My source of contentment this week. |
Contentment-noun- A state of happiness and satisfaction.
The above definition is relatively simple, yet I've noticed so many of us (myself included) have such a hard time understanding and achieving contentment in our lives. Why is this so when so many of us have so much to be thankful for?
As stated in a previous post, I had a tendency of looking at what I didn't have versus what I did have. I would achieve something and then look for my next big conquest. I compared myself to others and constantly thought, "If only I had so-and-so's life, I would be so happy."
Sadly, I overlooked my many blessings, such as my wonderful family, phenomenal friends, my health, a top-notch education, a job that pays the bills, etc.

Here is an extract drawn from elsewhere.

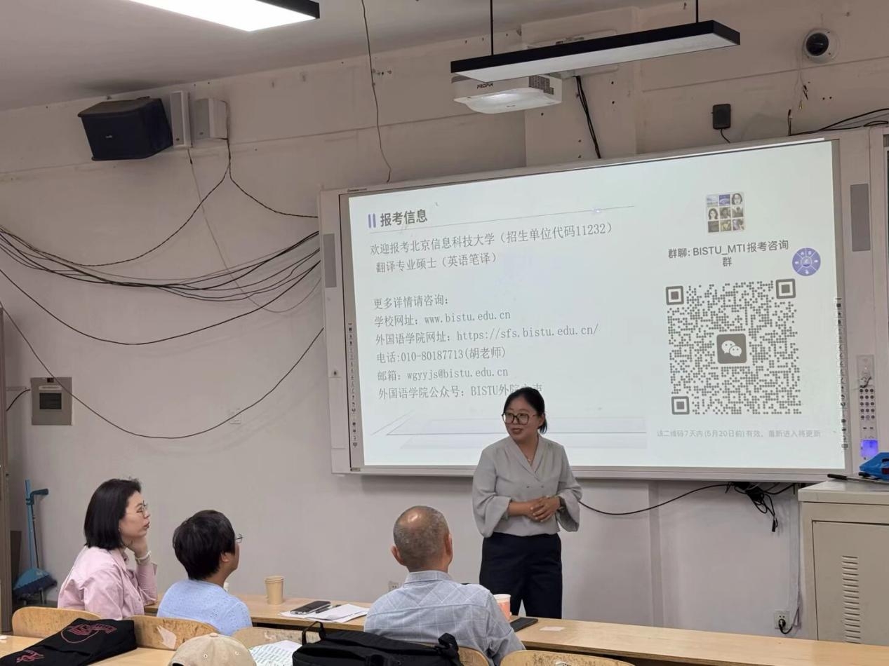 此次宣讲会的举办,不仅为有考研意向的同学提供了全面且权威的招生资讯,更推动了两院在人才培养、学术交流等领域的深度合作,为培养高素质外语人才奠定了坚实基础。相信在未来的日子里,会有更多的我院学子以北京信息科技大学为目标,努力拼搏,向着自己的理想学府奋勇前进。
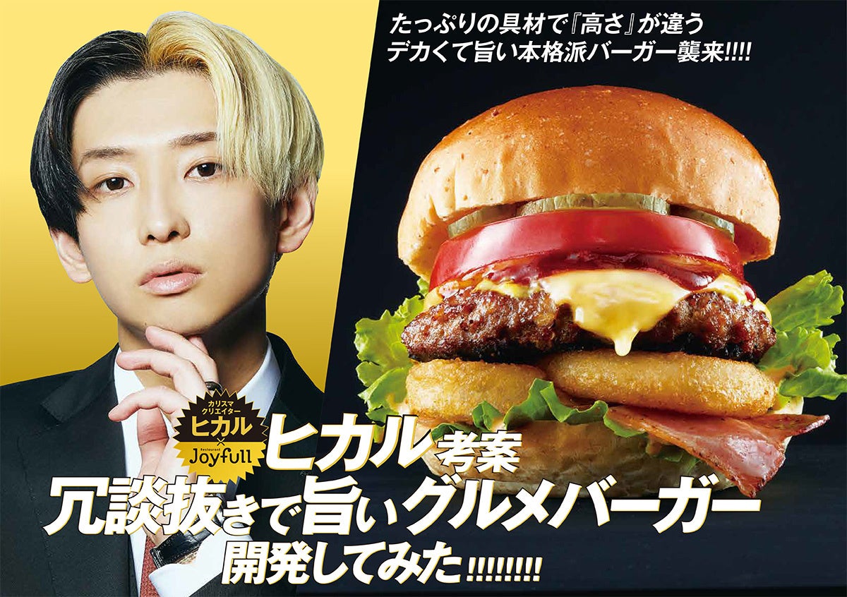 ファミリーレストランのジョイフル(株式会社ジョイフル 本社:大分県大分市 代表取締役社長:穴見くるみ)は、2022年5月31日(火)15時より、カリスマクリエイター ヒカルさんとのコラボレーション商品第3弾「ヒカル考案 冗談抜きで旨いグルメバーガー」を全国のジョイフル店舗にて販売開始する事をお知らせします。

I say this all in past tense because a few months ago I had an experience that opened my eyes to how ignorant and stupid I was being.
My roommate talked me into volunteering at a soup kitchen this past April. The experience as a whole was educational for me on so many levels, but one instance in particular really got me to stop and look at myself internally and make some changes.
Kristen (roommate) and I had just finished up our assignment of handing out canned goods to the elderly and handicapped outside the food shelter. We were standing inside saying goodbye to the people who had finished their meals when a woman approached me and asked me to pray with her. I readily agreed and as she took my hands in hers, I asked her what she would like to pray for.
To be honest, I was expecting her to ask to pray to better her situation or something along those lines. I couldn't have been more wrong. The woman looked me in the eye and said something like, "I want to pray for those poor souls in Japan and Tuscaloosa (both of these events had recently occurred at this point) who have lost family members, their possessions, and the will to live. I especially want to pray for those who don't know Jesus Christ. I want to pray that they will find Him, so that they have the strength to get through this and so they realize how lucky they are to be alive."
To say I was shocked at this woman's selflessness would be an understatement. This woman pretty much had nothing, yet she still recognized that in the grand scheme of things her life wasn't that bad. I think this was the kick in the butt to get over myself that I needed.
Since this eye-opening experience, I've tried to keep my life in perspective and recognize how lucky I am versus dwelling on what I don't have. I'm twenty-four and have finally realized that I won't and shouldn't have it all at this point.
I want to clarify that to me, contentment isn't just accepting your situation and not challenging yourself to be better. Contentment is being thankful for what you do have and working on what you would like to improve on, while not begrudging others for accomplishing things you have yet to achieve.
There is a difference between using someone's accomplishment(s) to push yourself to be better and allowing someone's accomplishment(s) to make you jealous and consume your life with unnecessary bitterness.
In stepping back, I've reached a state of contentment in my life that I don't think I've ever experienced before. Don't get me wrong; I still have my weak moments where I question myself, my life's direction, and then some. However, I have found it easier to snap myself out of these negative thoughts now that I look internally, instead of externally.
Life has challenges and trust me, I fully understand that. At the same time, I'm fairly positive we can all find at least one thing to find contentment in every day. Even if it is something small such as the happy dog waiting for you when you get home, a hug from someone special after a rough day, or a beautiful sunset. As a friend said to me, "When you're busy looking at what you don't have, life will pass you by and you'll miss out on all the beauty." As cliche as this sounds, life is too short to dwell on the negative aspects.
I leave you with this quote from Eat, Pray, Love, "At some point you gotta let go, sit still, and allow contentment to come to you." Have you let contentment enter your life today?
Thank you Mitch Beer, Charles Wells, and Nicole D'Alonzo for your feedback on contentment and what it means to you.